With the increase of ambient temperature, the increase of battery size and the increase of battery power requirements, the conventional air-cooled cooling system can no longer meet the cooling requirements. For lead-acid batteries, Choi and Yao pointed out that relying on natural convection or forced convection is not an effective solution to their temperature rise. For Li-Po batteries, due to the small thermal conductivity of polymers, only relying on air-cooled heat dissipation systems cannot effectively solve the heat dissipation problem. When Nelson et al. studied Li-ion PNGV (partnership for a new generation of vehicles) batteries, they found that when the battery is in a warm environment, it is difficult to reduce the temperature of the 66℃ battery below 52℃ by using air-cooled heat dissipation. Through numerical simulation analysis, Chen et al. found that after the intensity of forced convection increased to a certain extent, the balance of temperature distribution of Li-ion batteries was not fundamentally improved.
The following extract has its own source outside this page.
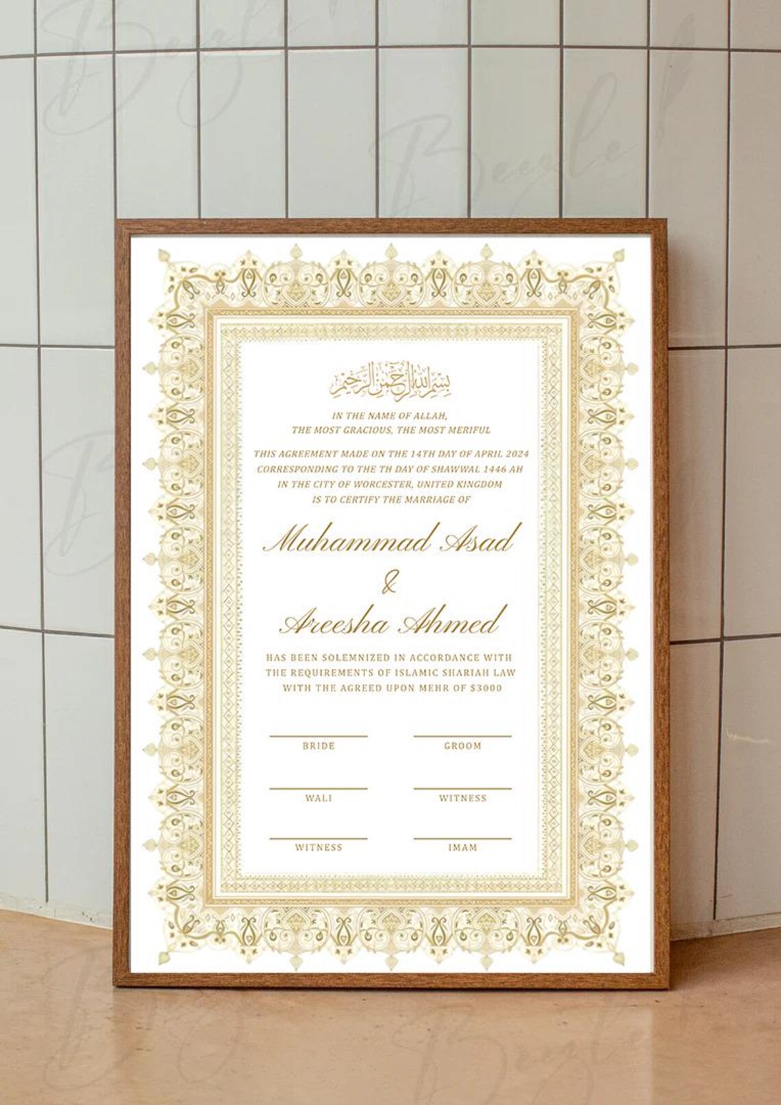 Gold Islamic Nikah Nama Gold Nikkah Contract Template Editable Nikkah
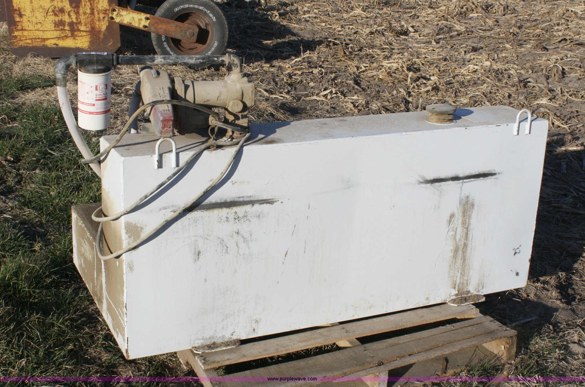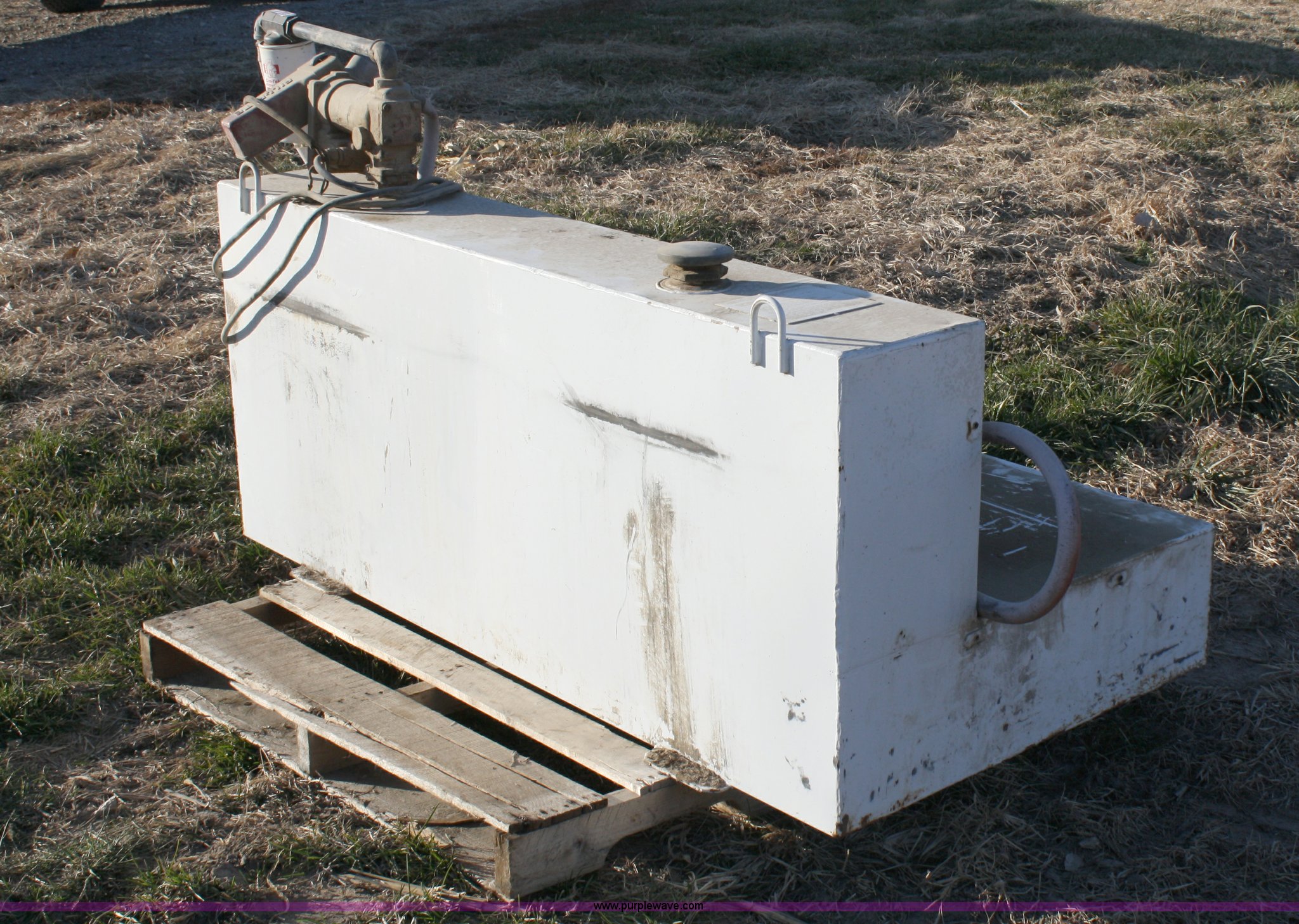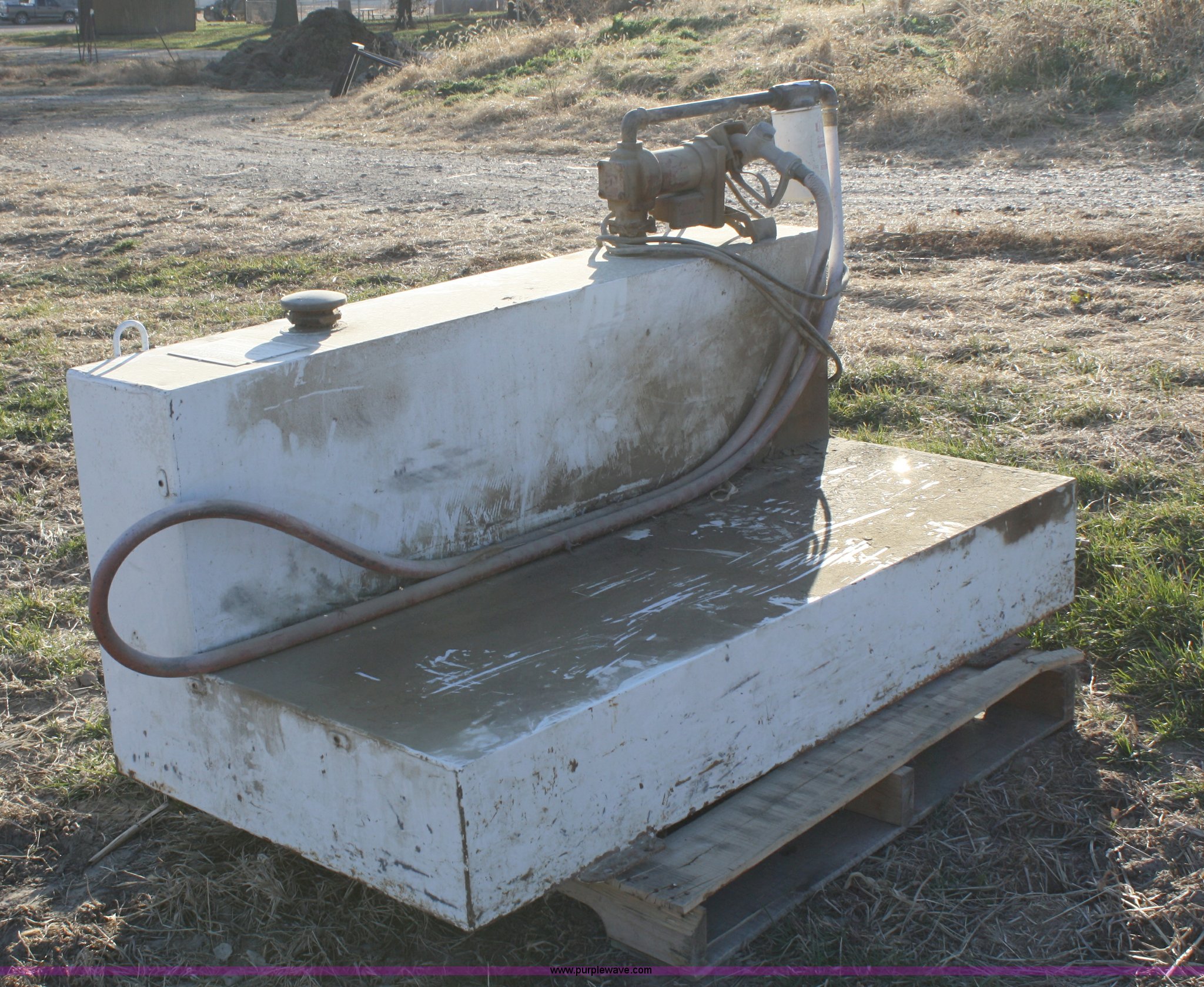 Purple Wave is selling a used Fuel and Lube in Kansas. This item is a 105 gallon L-shaped fuel tank with pump with the following: 12 volt Fill-Rite pump

Harmel et al. also found that when the wind speed increased to a certain limit, the temperature change was not obvious when the wind speed continued to increase. Kim and Pesaran also pointed out the shortcomings of air-cooled cooling. With the increase of the load, it is generally necessary to increase the active components (such as evaporators, heating cores, electric heaters or fuel heaters, etc.), or increase the load of the refrigeration system, air conditioner, etc., thereby increasing the secondary energy consumption of the battery pack, which contradicts the improvement of efficiency. At the same time, the overall system structure of the air-cooled battery pack becomes more complex with the increase of load.
Therefore, when the power is low and the temperature environment is not harsh, the air-cooled heat dissipation is preferred to help reduce the cost of the whole vehicle. When the power system requires a high-power power battery pack, and the battery size is large and the ambient temperature is high or low, the air-cooled heat dissipation cannot achieve the ideal thermal management effect, and other thermal management methods need to be considered.
2. The influence of battery cell structure
The structure of the battery cell also has a very important influence on heat dissipation. For this factor, Zhang et al. constructed corresponding battery models for four 3.2V/50A·h square LiFePO4 power battery cells, as shown in Figure 2. The four types of batteries have the same volume and the same height, but different cross-sectional perimeters. The specific dimensions are shown in Table 1. They used a combination of experiments and numerical simulations to study the heat dissipation performance of the battery under different discharge rates and heat transfer coefficients, and obtained the optimal external dimensions and battery size through the optimization analysis of the experimental results. The size and surface heat transfer coefficient of the single battery have an important influence on the heat dissipation performance of the battery. When the external size of the 3.2V/50A·h square LiFePO4 power battery is 180mm×30mm×185mm, its heat dissipation performance is relatively best; when the size of the battery is 180mm×30mm×185mm, and the surface heat transfer coefficient is at least 20W·m-2·K-1, the maximum temperature of the single cell can be effectively controlled below the optimal operating temperature.